Interesting cases, but I am not sure how much should dnsmasq validate 
those responses.  Most of these responses is valid DNS responses. Sure, 
not what client expected or needed, but I doubt we can make reasonable 
filter on dnsmasq side.

On 19. 11. 22 0:12, Geert Stappers via Dnsmasq-discuss wrote:
> On Wed, Nov 16, 2022 at 11:15:08AM +0800, zhangjiangyu via Dnsmasq-discuss wrote:
>> Hi,
>>
>> On Mon, Nov 15, 2022 at 8:15:00PM +0800, Petr Menšík wrote:
>>> Interesting tests.
>>>
>>> But dnsmasq is somehow naive in parsing replied queries. It tries to
>>> deliver the response exactly as it were delivered to it. I think the
>>> main reason for it is it expects trusted resolvers to be used as a
>>> forwarding servers, not something bogus. Sure, I admit that might not be
>>> correct expectation. dnsmasq is minimalistic and tries to minimize the
>>> size of code and used resources. Therefore it does not do full parsing
>>> of the message and verification of every aspect in the response.
>>>
>>> I would recommend using Unbound for less trusted forwarders. I think all
>>> other implementations do not rely on recursive server doing the hard
>>> work, so they may encounter also less trusted responses. But dnsmasq
>>> should send queries to trusted forwarders only. It can therefore trust
>>> them to do more strict checking.
>> Unfortunately the unbound also has the same problem, I also submitted
>> an issue. Although the forwarders configured by dnsmasq are trusted,
>> there are also some situations that need to be considered, such as,
>> the dnsmasq configuration file has been maliciously changed, your
>> trusted forwarder has the same error handling problem or the host
>> computer where the forwarder is located is attacked, so dnsmasq needs
>> to do some obvious wrong checks, and it is also necessary.it can't
>> rely entirely on other parsers.
>>
>>> But I admit we should add at least the most obvious checks.
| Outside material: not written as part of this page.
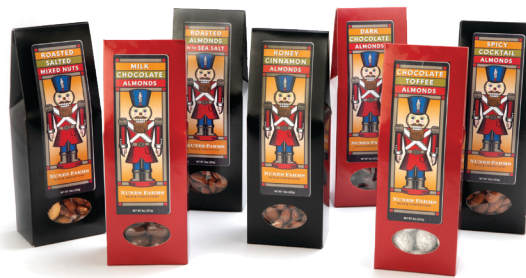
Nutcracker Totes & Trio available

Would you
>>> please make the responses in ldns-testns [1] server format, so it would
>>> be easier to test it? It allows also encoding the body in hex format, so
>>> invalid responses are broken as well. It would be easier to test the bad
>>> behaviour and prepare fixes for them. Are those links leading to DNS in
>>> wire format? It would be simpler to read if pcap with them were used,
>>> wireshark would visualise those responses well.
>> Yes, The message I provided is a wire format,
>> but it is a bit different from the wire format,
>> because the first four bytes are a length field.
> Ah, a length field, a sixtyfour bit length field.
>
>
>> I removed the length field,
>> it should be all dns request and reply messages, it is wire format.
>      ;-)
>
>
>> Below is the download link:
>> origin request: https://643684107.oss-cn-beijing.aliyuncs.com/packet/request0
>> origin response: https://643684107.oss-cn-beijing.aliyuncs.com/packet/response0
>> request1: https://643684107.oss-cn-beijing.aliyuncs.com/packet/request1
>> response1: https://643684107.oss-cn-beijing.aliyuncs.com/packet/response1
>> request2: https://643684107.oss-cn-beijing.aliyuncs.com/packet/request2
>> response2: https://643684107.oss-cn-beijing.aliyuncs.com/packet/response2
>> request3: https://643684107.oss-cn-beijing.aliyuncs.com/packet/request3
>> response3: https://643684107.oss-cn-beijing.aliyuncs.com/packet/response3
>>
>> Of course, in previous comminicate, Geert Stappers
>> has already made a reproduced git repository,
>> here: https://git.sr.ht/~stappers/cert_check_by_dnsmasq, you can use
>> this to reproduce it.
>>
>> For ldns-testns, I don't know how to construct the corresponding data format,
> A working example,  also attached  (and in the above named git repository)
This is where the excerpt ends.